[Exercise data Boundary: Start]

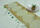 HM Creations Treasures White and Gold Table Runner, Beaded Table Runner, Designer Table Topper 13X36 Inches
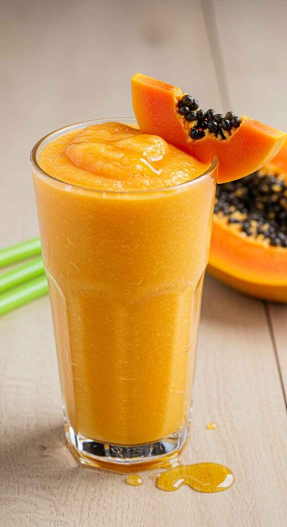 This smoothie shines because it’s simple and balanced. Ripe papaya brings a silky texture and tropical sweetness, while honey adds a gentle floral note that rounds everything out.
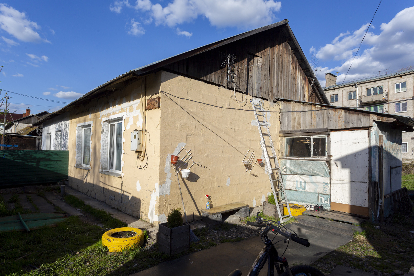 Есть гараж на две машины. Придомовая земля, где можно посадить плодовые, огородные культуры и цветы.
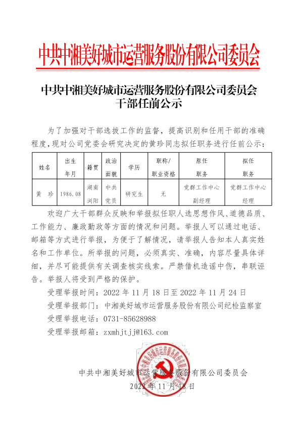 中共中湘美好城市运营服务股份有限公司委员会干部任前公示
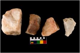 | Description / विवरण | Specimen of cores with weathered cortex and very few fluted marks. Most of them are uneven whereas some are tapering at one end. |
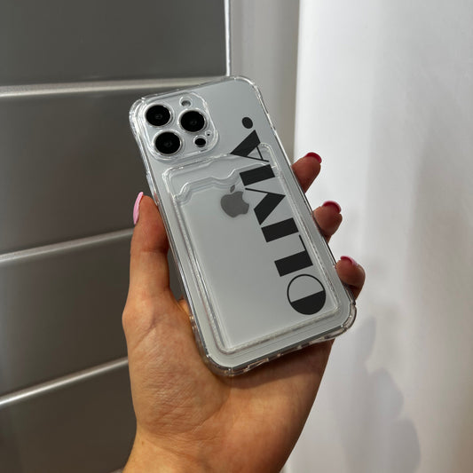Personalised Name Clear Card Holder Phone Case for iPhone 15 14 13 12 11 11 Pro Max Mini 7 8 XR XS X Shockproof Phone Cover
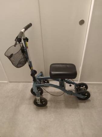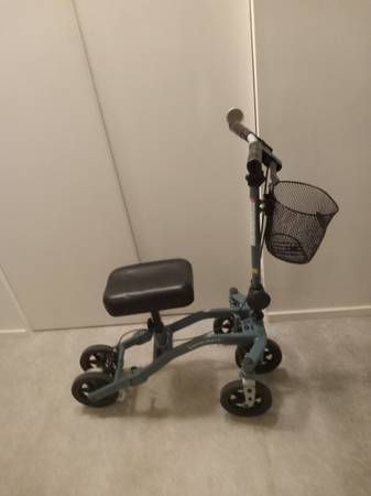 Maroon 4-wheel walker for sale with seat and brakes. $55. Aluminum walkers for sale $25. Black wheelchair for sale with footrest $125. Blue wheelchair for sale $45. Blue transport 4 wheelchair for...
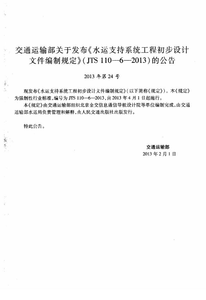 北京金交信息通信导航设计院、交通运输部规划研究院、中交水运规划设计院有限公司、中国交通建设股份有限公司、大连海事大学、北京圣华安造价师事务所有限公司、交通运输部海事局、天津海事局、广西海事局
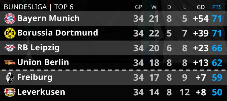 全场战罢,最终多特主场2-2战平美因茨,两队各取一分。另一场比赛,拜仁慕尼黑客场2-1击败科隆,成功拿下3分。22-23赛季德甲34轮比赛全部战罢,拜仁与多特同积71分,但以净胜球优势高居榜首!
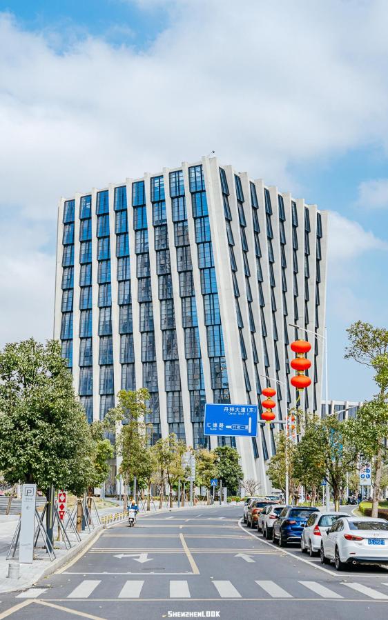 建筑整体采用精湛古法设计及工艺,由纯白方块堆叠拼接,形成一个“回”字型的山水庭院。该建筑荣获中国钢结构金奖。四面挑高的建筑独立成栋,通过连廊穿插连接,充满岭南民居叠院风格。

[Exercise data Boundary: End]
[Exercise data Boundary: Start]

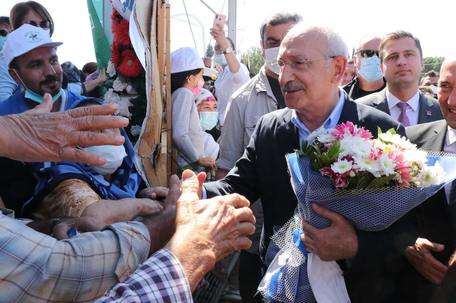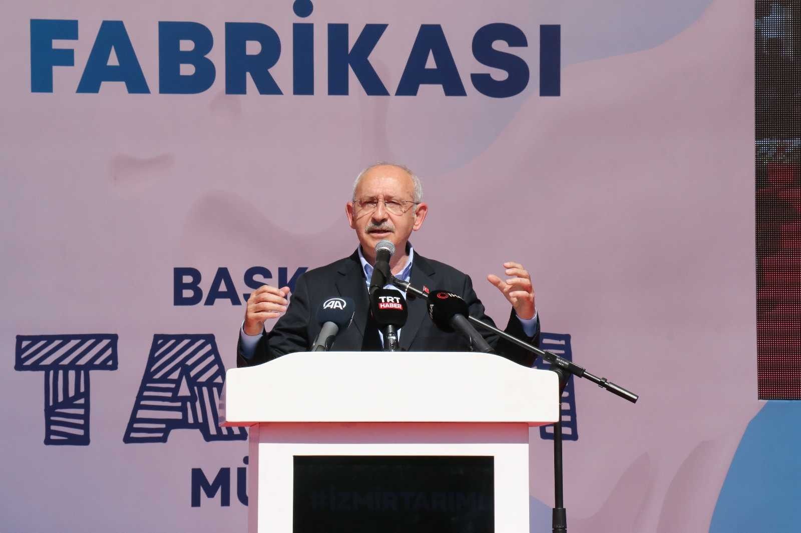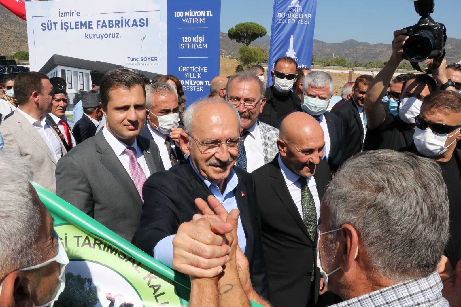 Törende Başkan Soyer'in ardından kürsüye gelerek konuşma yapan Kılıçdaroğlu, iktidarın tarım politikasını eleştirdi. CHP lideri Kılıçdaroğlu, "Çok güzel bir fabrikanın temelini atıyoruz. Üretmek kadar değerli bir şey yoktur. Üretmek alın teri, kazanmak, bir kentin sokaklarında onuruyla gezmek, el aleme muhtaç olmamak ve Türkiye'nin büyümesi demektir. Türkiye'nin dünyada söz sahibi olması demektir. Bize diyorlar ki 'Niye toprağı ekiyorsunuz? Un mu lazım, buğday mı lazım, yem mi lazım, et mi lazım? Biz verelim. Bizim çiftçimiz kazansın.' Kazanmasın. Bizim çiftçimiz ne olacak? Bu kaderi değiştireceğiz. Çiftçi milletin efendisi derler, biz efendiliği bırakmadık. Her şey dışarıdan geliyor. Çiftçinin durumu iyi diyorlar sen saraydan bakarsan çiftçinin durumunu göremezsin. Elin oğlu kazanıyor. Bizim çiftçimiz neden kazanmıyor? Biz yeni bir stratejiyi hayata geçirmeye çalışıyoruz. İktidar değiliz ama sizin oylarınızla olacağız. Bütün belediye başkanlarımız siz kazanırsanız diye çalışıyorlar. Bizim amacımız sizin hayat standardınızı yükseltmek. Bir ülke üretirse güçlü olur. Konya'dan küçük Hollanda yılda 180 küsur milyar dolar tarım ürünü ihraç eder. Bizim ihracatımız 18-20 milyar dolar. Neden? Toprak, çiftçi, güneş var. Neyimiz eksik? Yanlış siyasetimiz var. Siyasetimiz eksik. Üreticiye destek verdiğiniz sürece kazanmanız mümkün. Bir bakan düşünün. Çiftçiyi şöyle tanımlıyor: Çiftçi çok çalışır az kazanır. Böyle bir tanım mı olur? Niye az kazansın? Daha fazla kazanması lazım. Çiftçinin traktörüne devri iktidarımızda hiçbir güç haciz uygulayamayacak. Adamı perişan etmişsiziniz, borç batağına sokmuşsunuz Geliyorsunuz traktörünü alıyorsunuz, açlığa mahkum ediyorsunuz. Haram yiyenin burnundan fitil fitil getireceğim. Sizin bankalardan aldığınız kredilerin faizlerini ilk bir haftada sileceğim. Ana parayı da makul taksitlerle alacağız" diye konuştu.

[Exercise data Boundary: End]

**Exercise objective**
Go back to the listing above and reproduce, exactly, the stretch from the line bearing "Есть гараж на две ма" through the line bearing "Maroon 4-wheel walker", without its pictures.

**Task response**
 Есть гараж на две машины. Придомовая земля, где можно посадить плодовые, огородные культуры и цветы.
 中共中湘美好城市运营服务股份有限公司委员会干部任前公示
 | Description / विवरण | Specimen of cores with weathered cortex and very few fluted marks. Most of them are uneven whereas some are tapering at one end. |
Personalised Name Clear Card Holder Phone Case for iPhone 15 14 13 12 11 11 Pro Max Mini 7 8 XR XS X Shockproof Phone Cover
 Maroon 4-wheel walker for sale with seat and brakes. $55. Aluminum walkers for sale $25. Black wheelchair for sale with footrest $125. Blue wheelchair for sale $45. Blue transport 4 wheelchair for...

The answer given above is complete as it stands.